** RECORDED INFORMATION follows **

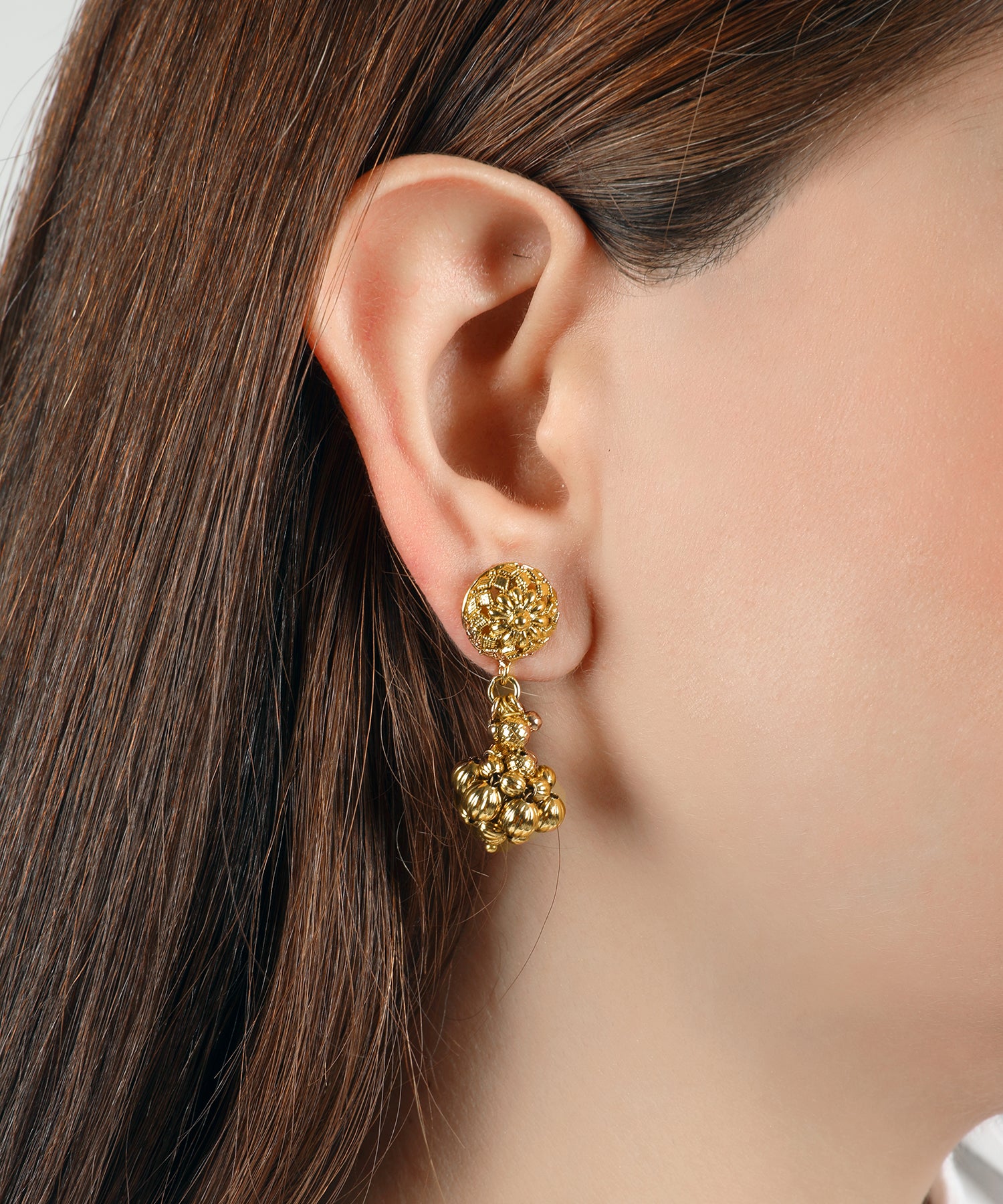Crafted with precision, these floral cluster gold-plated earrings showcase intricate detailing inspired by traditional Indian artistry. Designed in a rounded floral shape with dangling bead clusters, they highlight the timeless charm of handcrafted jewelry. Originating from skilled artisans of Rajasthan, the earrings are lightweight and comfortable, making them perfect for all-day wear. Pair them with ethnic sarees, lehengas, or even contemporary fusion wear for weddings, festive occasions, or celebrations. The rich gold plating ensures durability while enhancing their luxurious appeal.
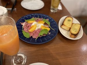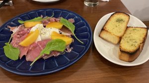 初めに注文した料理は、「生ハムとモッツァレラチーズの、、」
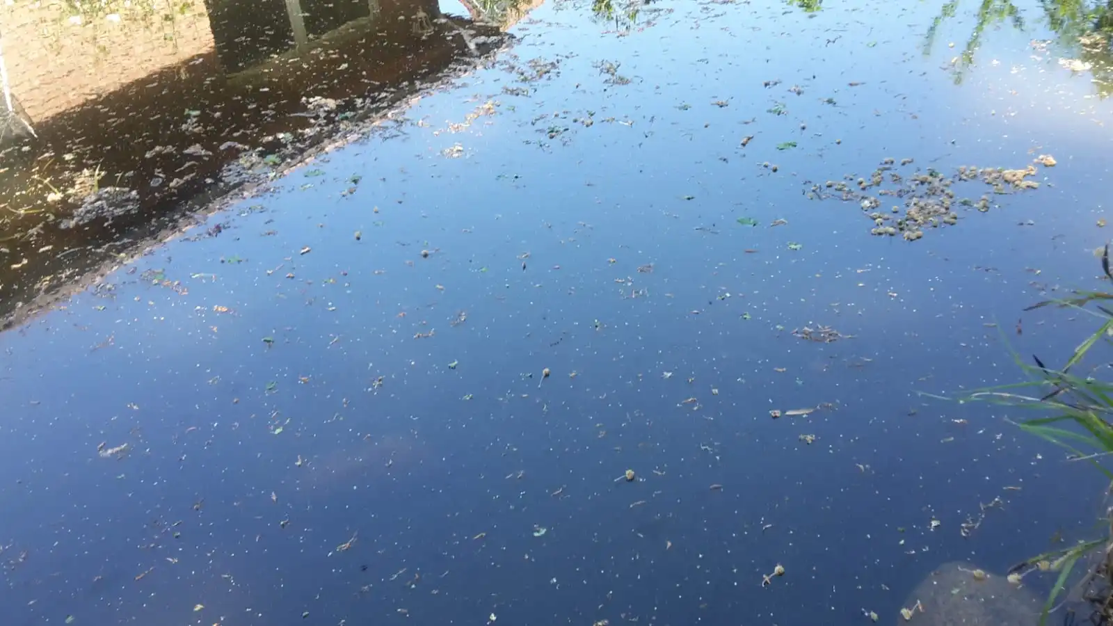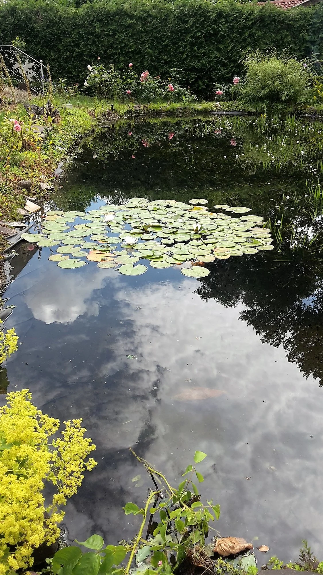 • Hab heut in der Früh am obigen kleinen Teich Algen (kein Wunder bei der Hitze) abgefischt, gar nicht so leicht zwischen den Seerosen, die dort schon üppig blühen,

** End of RECORDED INFORMATION **

# [REQUIRED WORK]
Pictures are not part of the copy; transcribe the rest of the data verbatim.

# [RESPONSE BELOW]
Crafted with precision, these floral cluster gold-plated earrings showcase intricate detailing inspired by traditional Indian artistry. Designed in a rounded floral shape with dangling bead clusters, they highlight the timeless charm of handcrafted jewelry. Originating from skilled artisans of Rajasthan, the earrings are lightweight and comfortable, making them perfect for all-day wear. Pair them with ethnic sarees, lehengas, or even contemporary fusion wear for weddings, festive occasions, or celebrations. The rich gold plating ensures durability while enhancing their luxurious appeal.
 初めに注文した料理は、「生ハムとモッツァレラチーズの、、」
 • Hab heut in der Früh am obigen kleinen Teich Algen (kein Wunder bei der Hitze) abgefischt, gar nicht so leicht zwischen den Seerosen, die dort schon üppig blühen,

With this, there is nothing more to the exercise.